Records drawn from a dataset
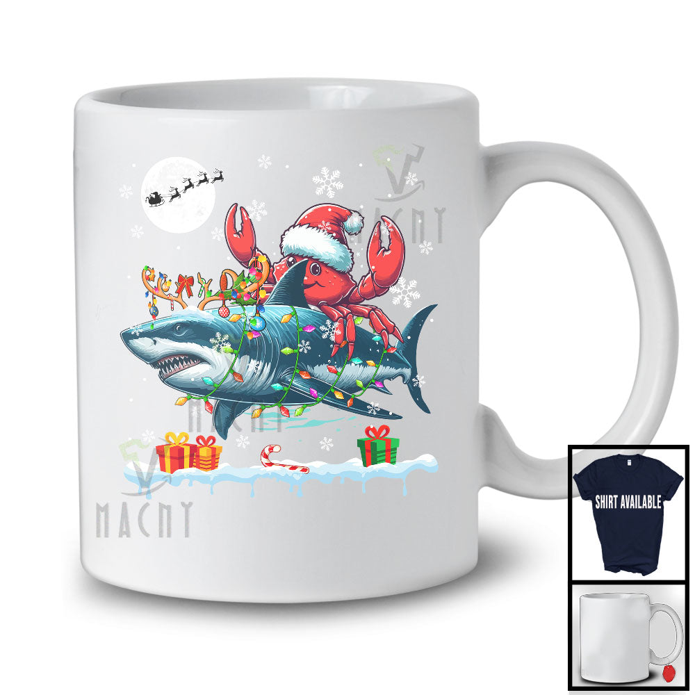 Santa Crab Riding Reindeer Shark; Amusing Christmas Lights Sea Animal Lover; Family T-Shirt
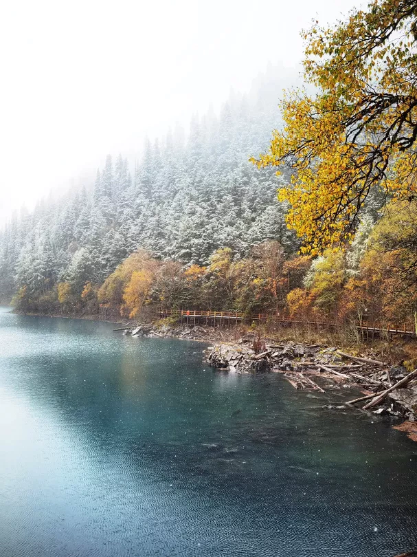 白雪将片片彩林和云雾完美融合,九寨沟宛若人间天堂,碧水如玉带般在山间挥舞,灵动万分。
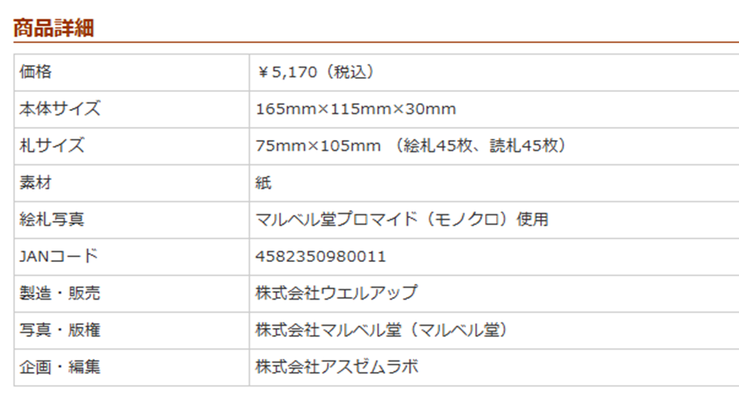 | サイズ | 本体サイズ:165mm×115mm×30mm 札サイズ:75mm×105mm (絵札45枚、読札45枚) |
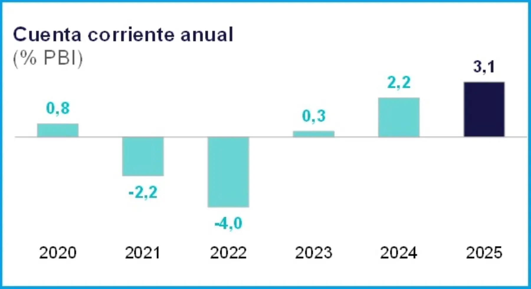 La cuenta corriente de la balanza de pagos registró un superávit de 3.1% del PBI en 2025, el nivel más alto desde 2006, sustentado principalmente en la ampliación del superávit comercial (3.2 p.p. del PBI) entre 2024 y 2025, indicó el Banco Central de Reserva del Perú.
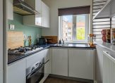 Aan de voorzijde is de dichte keuken, met dezelfde vloer als in bijna het hele appartement. De lichte hoekopstelling met een donker, kunststof aanrechtblad is voorzien van diverse inbouwapparatuur: een gaskookplaat, afzuigkap, combi-oven, vaatwasser, koelkast en een vriezer. Leuk detail; de originele provisiekast is behouden.
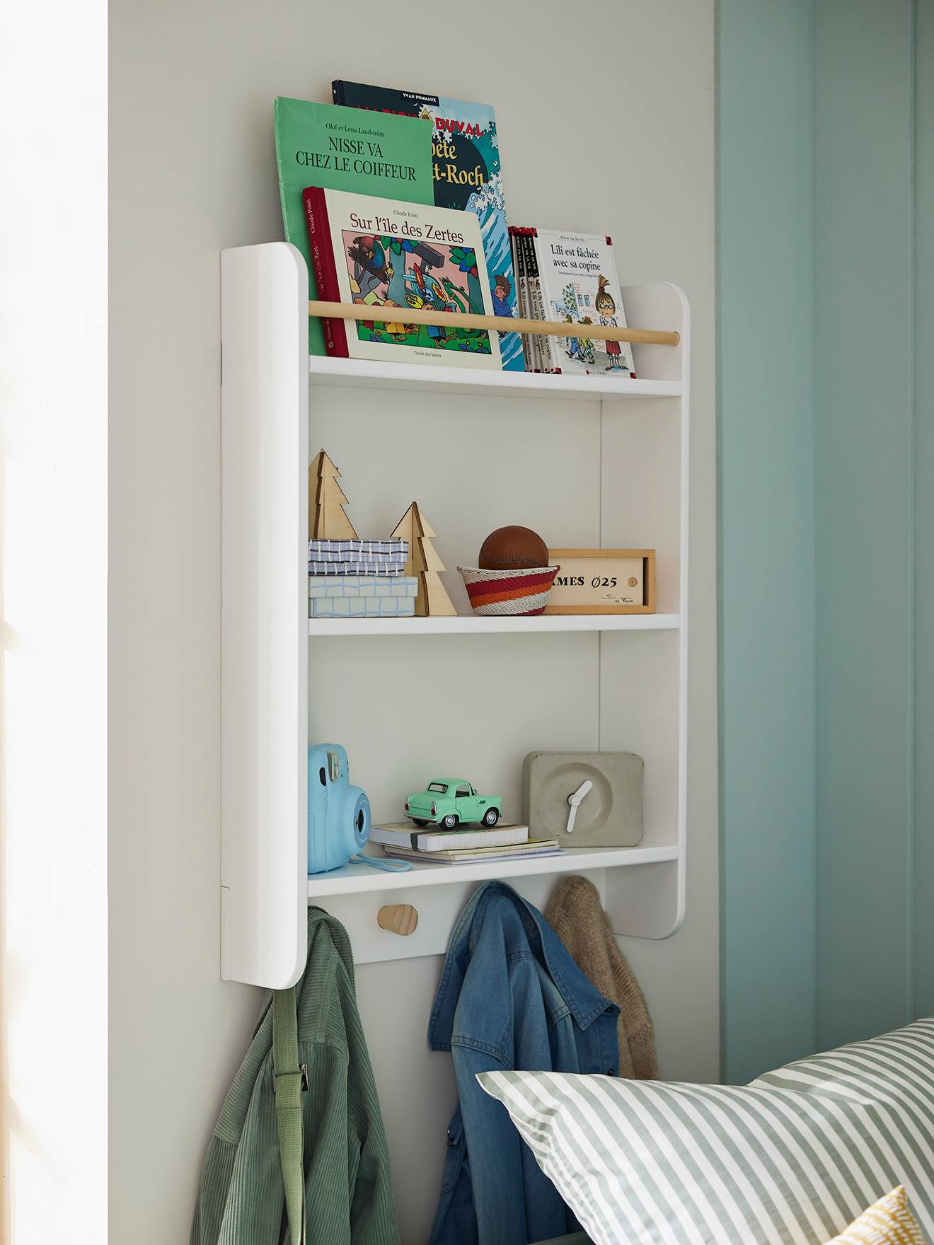 Kinderzimmer Bücherregal mit Garderobe KONFETTI weiß von vertbaudet
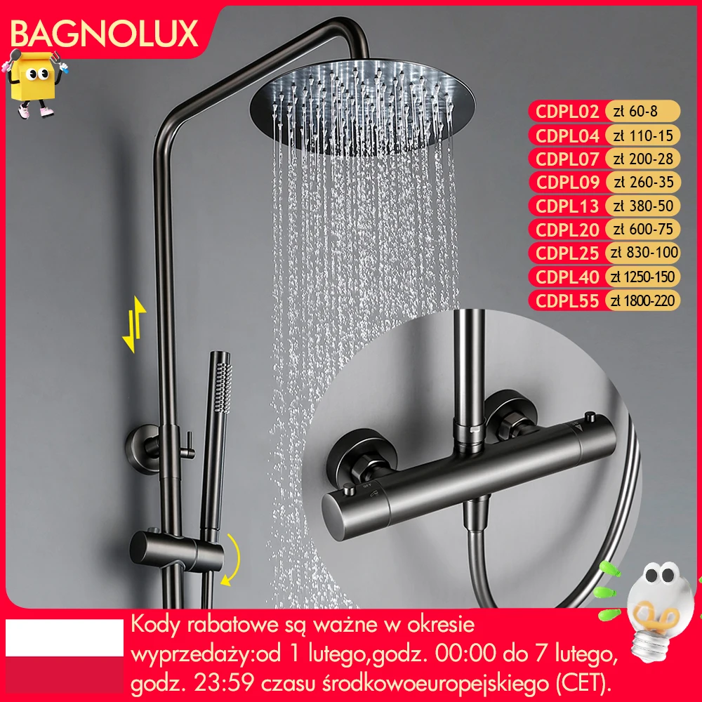 Wall-Mounted Thermostatic Valve System Bagnolux Brushed Gray Brass Rain Faucet 8 - 12" Top Spray Head Bathroom Shower Set
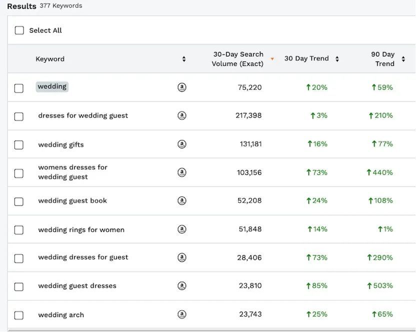 夏季和秋季是欧美婚礼和节日高峰季节,现在正是欧美消费者置办婚礼用品的最佳时期。Jungle Scout上的数据显示,所有以"wedding"为核心的关键词目前都呈上升趋势,并且每月搜索量都非常大。婚礼相关的关键词搜索量自今年3月下旬以来上升幅度尤为明显。
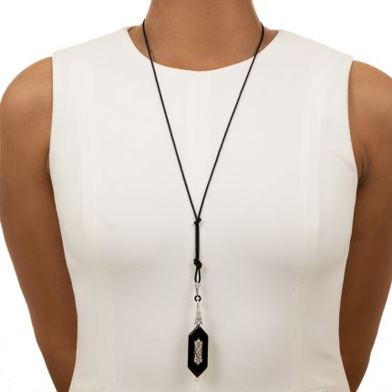 Long necklaces were all the rage during the Art Deco era, complementing as they did the streamlined dresses that were in fashion. This one also adds a dash of drama. The pendant, an elongated hexagon of gleaming onyx, is embellished, in shimmering contrast, by a moval-shaped diamond framed by a glittering array of European-, Swiss-, and single-cut diamonds. Accented below with a single natural pearl, it suspends from a 30-inch black cord via diamond-set elements joined by a donut-shaped onyx. Although the reverse reveals an elegant watch, alas, it is now purely decorative, as its time-telling days are a thing of the past. Total diamond weight, .75 carat. Hand fabricated in platinum and 18K yellow gold.
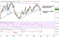 AUD/USD downside finds strong support by 110-EMA at 0.7494. Momentum studies are bearish, break below 0.7494 targets 0.7420. Daily price action has dipped into daily cloud. Recovery attempts were weak, pair...
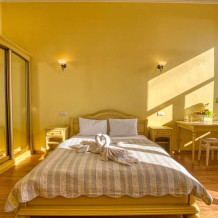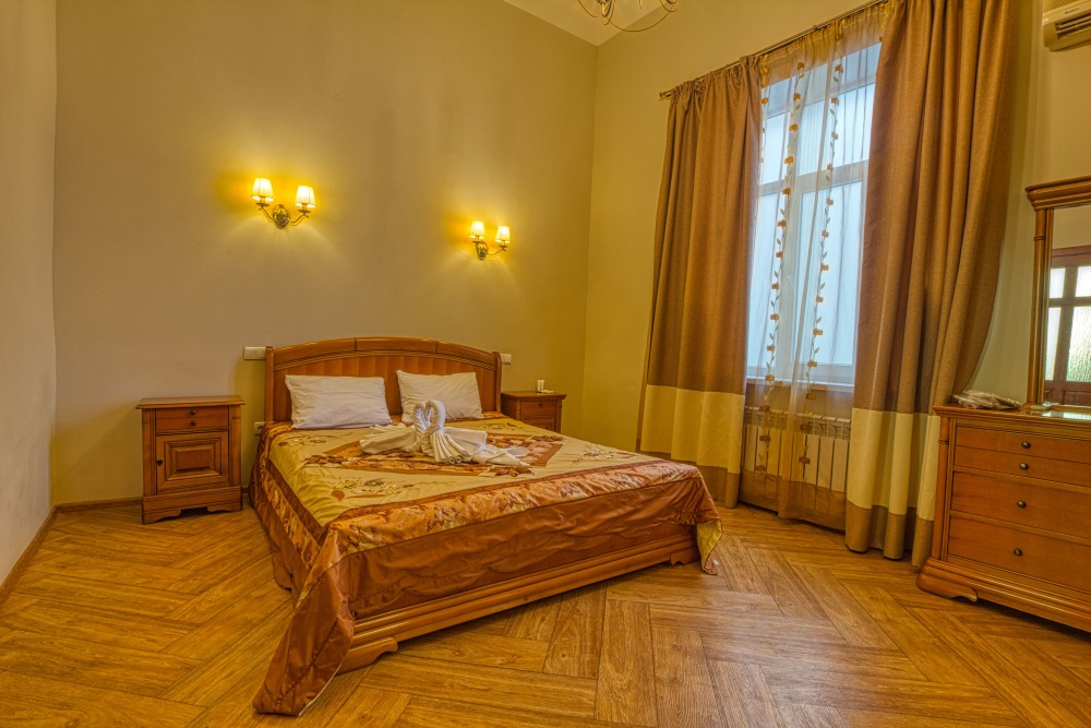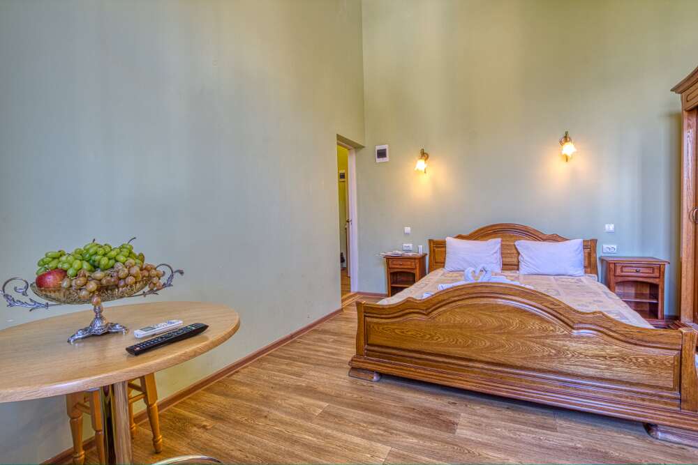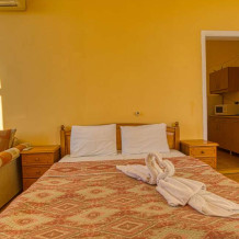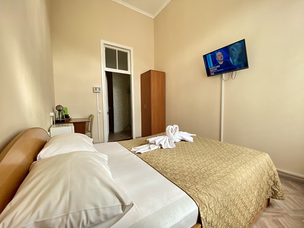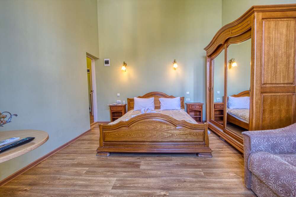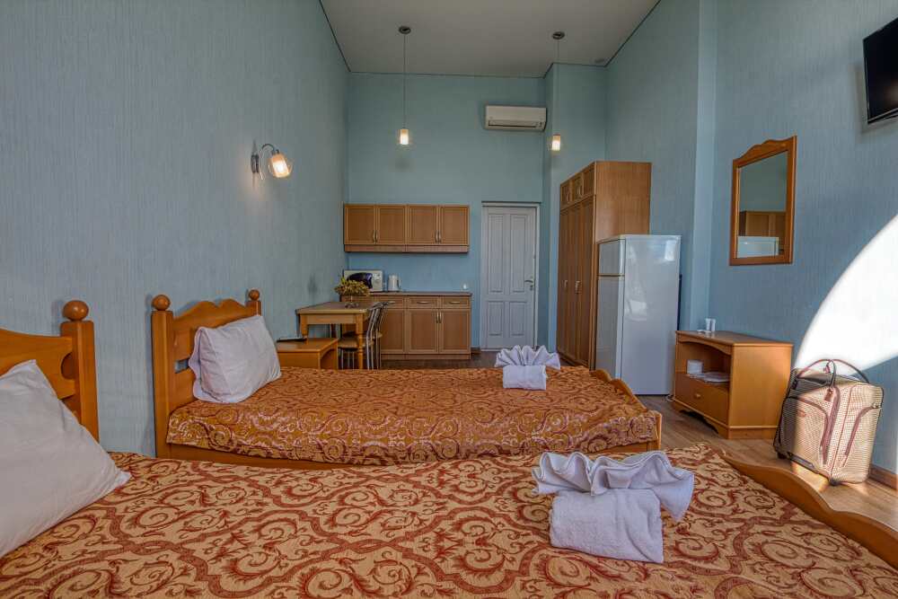 В номере расположена двуспальная кровать, весь необходимый комплект мебели, кондиционер, телевизор. Для дополнительных мест предусмотрены односпальные кровати, раскладные мягкие кресла.
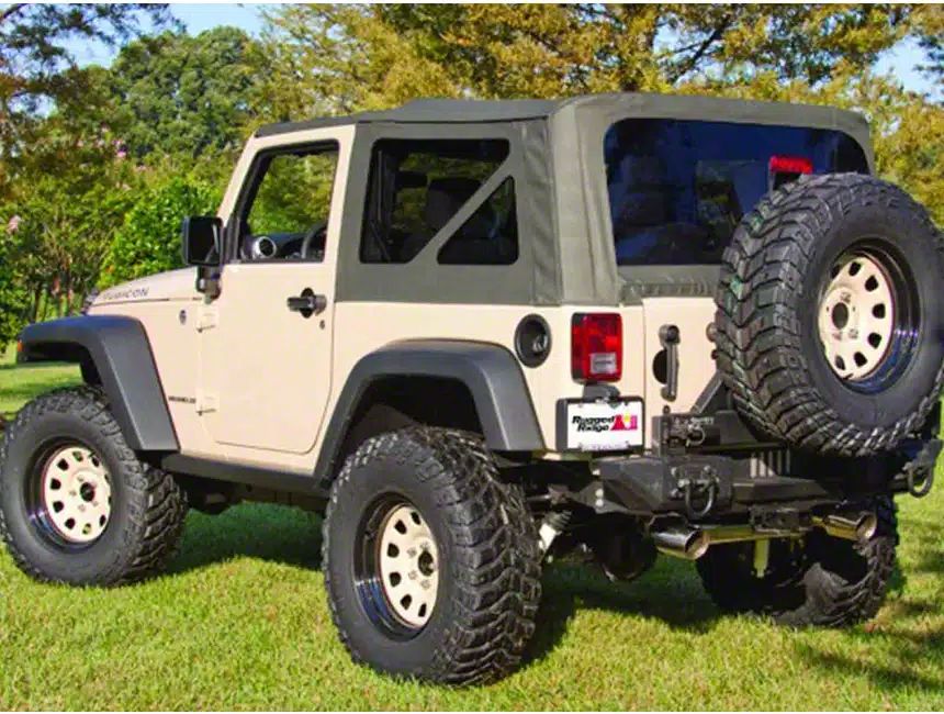 Construction and Appearance. Constructed from sailcloth-quality premium vinyl-coated polyester, the Rugged Ridge XHD Soft Top comes in a stylish khaki color that compliments your Wrangler JK's off-road look. This soft top has a marine-grade threading for added resilience and is UV-treated to prevent fading and premature wear. Moreover, the 30 mil tinted or non-tinted glass windows are DOT-approved.
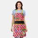 Graphic pattern of candy in red,yellow and black. Funny quotes on vibrant colours.
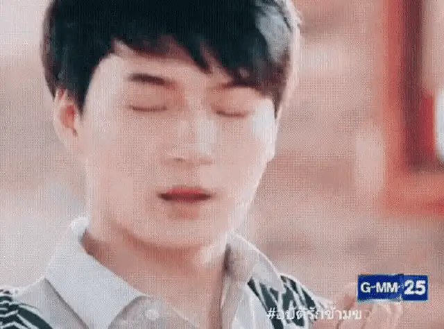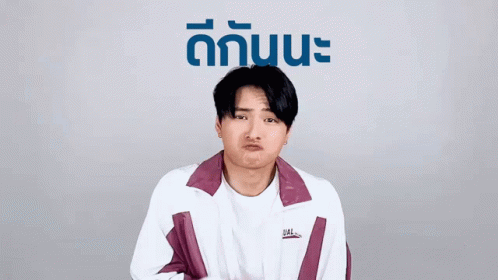 Singto Krist making funny faces and a finger heart gesture, with Thai text 'ดีกันนะ' (Let's make up) in the background.
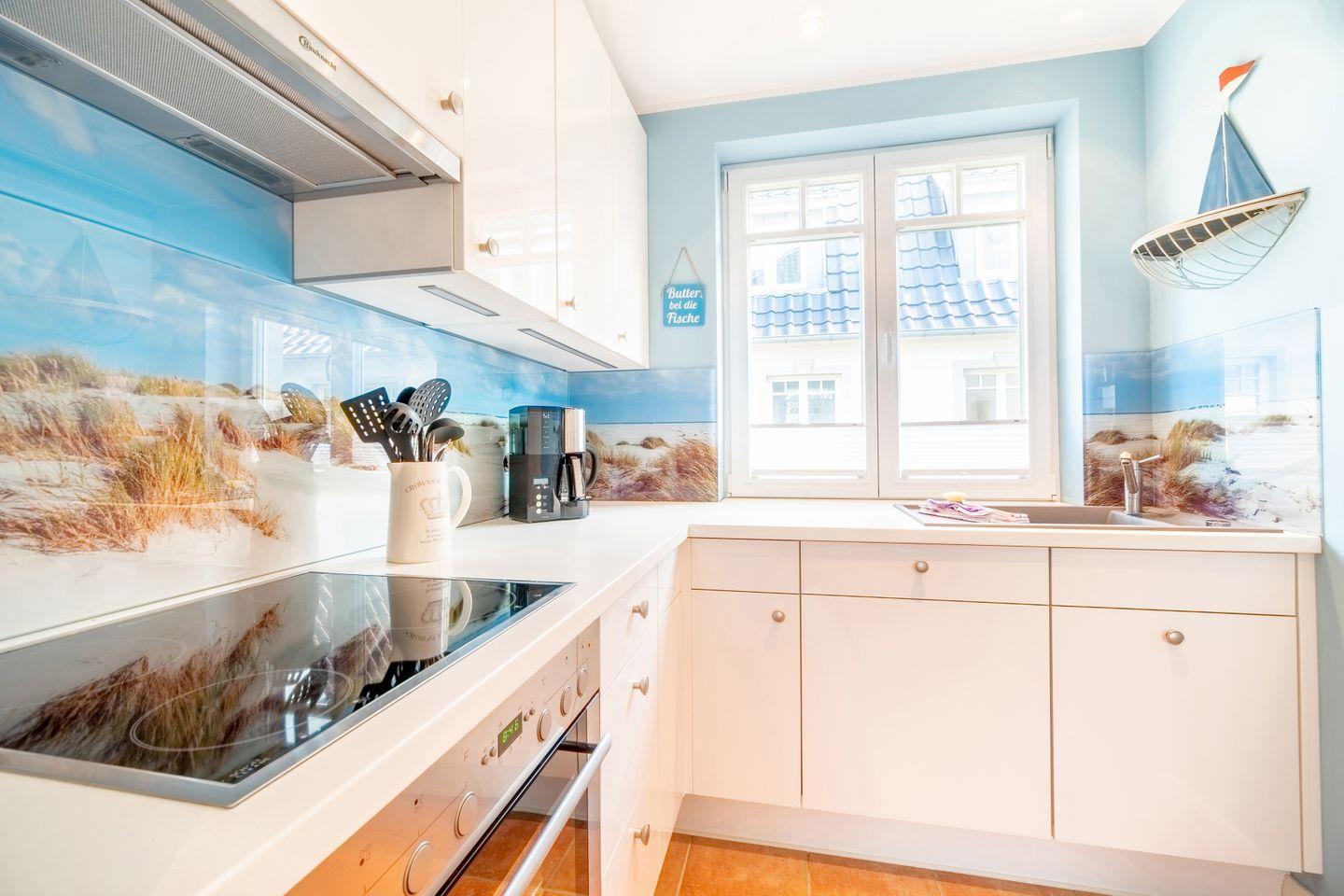 Im Außenbereich befinden sich eine Terrasse mit Strandkorb im Garten, sowie ein PKW-Stellplatz. Zudem steht Ihnen ein Saisonstrandkorb direkt am Strand zur Verfügung, im Strandabschnitt 13-19.

● WORK REQUEST:
Leaving out the pictures, please output the lines in the entries above from the one with "Wall-Mounted Thermostatic Valve" through the one with "夏季和秋季是欧美婚礼和节日高", exactly as they are.

● WRITTEN ANSWER:
 Wall-Mounted Thermostatic Valve System Bagnolux Brushed Gray Brass Rain Faucet 8 - 12" Top Spray Head Bathroom Shower Set
 夏季和秋季是欧美婚礼和节日高峰季节,现在正是欧美消费者置办婚礼用品的最佳时期。Jungle Scout上的数据显示,所有以"wedding"为核心的关键词目前都呈上升趋势,并且每月搜索量都非常大。婚礼相关的关键词搜索量自今年3月下旬以来上升幅度尤为明显。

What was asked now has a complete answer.